"Ask the Rabbi" by R. Mermelstein

QUESTION: Dear Rabbi Mermelstein:
It seems you're silent on all matters regarding Kahane and those who follow his teachings.
Am I missing something?
Bob Martin
15 July 2004
ANSWER: Dear Mr. Martin,
You've only missed a 2,000-word essay I once wrote about Rabbi
Kahane. That file is gone and may never be recovered. In a nutshell, I
read Rabbi Kahane's book, "Never Again", while still a soldier in the
US Army. That would have been about 1973-1974. That book held me
fixated.
In 1976, while a young rabbinical student in Jerusalem,
Israel, I was told that Rabbi Kahane lived only two apartment buildings
away from where I was studying in the Mattersdorf section of the city.
Without an appointment I knocked on his door early one evening during
the weeklong Jewish festival of Succos.

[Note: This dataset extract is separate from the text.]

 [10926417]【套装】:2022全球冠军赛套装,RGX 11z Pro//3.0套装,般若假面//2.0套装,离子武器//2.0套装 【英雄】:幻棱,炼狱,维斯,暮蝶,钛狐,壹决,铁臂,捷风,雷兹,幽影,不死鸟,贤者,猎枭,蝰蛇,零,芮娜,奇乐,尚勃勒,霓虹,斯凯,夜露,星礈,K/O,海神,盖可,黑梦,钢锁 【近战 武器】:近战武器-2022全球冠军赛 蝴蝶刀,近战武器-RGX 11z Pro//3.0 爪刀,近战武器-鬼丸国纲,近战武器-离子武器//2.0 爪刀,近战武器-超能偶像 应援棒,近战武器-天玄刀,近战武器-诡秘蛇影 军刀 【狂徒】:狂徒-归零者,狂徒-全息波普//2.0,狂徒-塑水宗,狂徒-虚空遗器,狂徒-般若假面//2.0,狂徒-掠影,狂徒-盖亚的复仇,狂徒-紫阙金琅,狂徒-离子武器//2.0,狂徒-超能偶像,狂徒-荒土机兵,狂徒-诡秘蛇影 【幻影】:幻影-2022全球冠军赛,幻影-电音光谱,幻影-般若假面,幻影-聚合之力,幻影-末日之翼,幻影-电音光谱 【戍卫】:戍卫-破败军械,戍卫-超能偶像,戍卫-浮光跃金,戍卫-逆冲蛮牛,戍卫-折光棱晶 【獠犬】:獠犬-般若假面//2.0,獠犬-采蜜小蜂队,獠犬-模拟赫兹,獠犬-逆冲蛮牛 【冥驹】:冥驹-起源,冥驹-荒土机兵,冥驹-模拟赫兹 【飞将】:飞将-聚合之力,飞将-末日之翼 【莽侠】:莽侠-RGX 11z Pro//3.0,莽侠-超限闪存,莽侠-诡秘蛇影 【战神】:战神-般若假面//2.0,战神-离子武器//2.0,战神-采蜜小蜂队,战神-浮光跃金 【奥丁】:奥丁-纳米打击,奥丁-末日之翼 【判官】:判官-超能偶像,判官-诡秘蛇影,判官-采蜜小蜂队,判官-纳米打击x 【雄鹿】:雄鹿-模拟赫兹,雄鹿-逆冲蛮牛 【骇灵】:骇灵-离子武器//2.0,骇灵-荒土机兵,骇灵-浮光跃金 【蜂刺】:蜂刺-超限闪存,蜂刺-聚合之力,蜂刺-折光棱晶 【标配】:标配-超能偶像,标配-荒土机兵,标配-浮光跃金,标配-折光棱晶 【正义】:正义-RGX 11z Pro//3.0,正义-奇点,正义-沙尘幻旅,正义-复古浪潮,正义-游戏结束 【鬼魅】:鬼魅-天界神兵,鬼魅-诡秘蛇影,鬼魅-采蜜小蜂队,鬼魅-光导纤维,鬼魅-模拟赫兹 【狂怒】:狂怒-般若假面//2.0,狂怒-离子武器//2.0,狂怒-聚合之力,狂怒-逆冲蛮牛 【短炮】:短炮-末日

He graciously invited me in,
and I bombarded him with questions about his philosophy. We spent
nearly two hours discussing Jewish survival at the dining table in his
small apartment. I emerged enlightened and energized.
Not too long
afterward Rabbi Kahane entered Israeli politics. The rest is a matter
of record. He became an outcast member of the Israeli parliament and
the Israeli government banned the party he founded, Kach. It was a sad
day for me when an Arab assassinated him in a Manhattan, New York,
hotel where he was speaking to a large gathering.
Rabbi Kahane's
successor, Irv Rubin, and I traded journalistic barbs for a couple of
years. His bragging about the number of times he had been arrested
didn't sit well with me. The student is never the equal of the teacher.

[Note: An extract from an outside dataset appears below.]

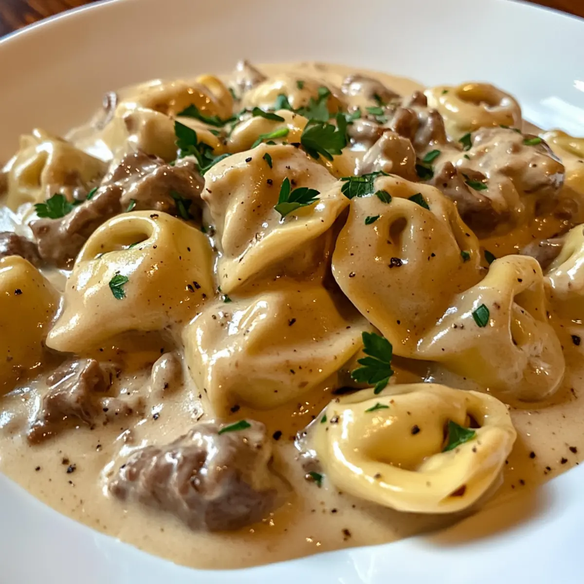 Schnelles Pfannenrinderstroganoff-Tortellini Rezept

In time Irv and I became close friends. We both live in Southern
California. We even graduated from the same high school. We broke bread
together in local kosher restaurants. We even worked together several
years ago on a Holocaust Remembrance Day event that was to memorialize
those who fought the Nazis rather than to mourn the dead, as is the
annual custom. The circumstances of his arrest and death in prison came
as a shock to me.
I've never been silent on the topic of Rabbi Kahane.
He was a religious man, unlike his successor, with insights into
matters of Jewish survival that knew no peers.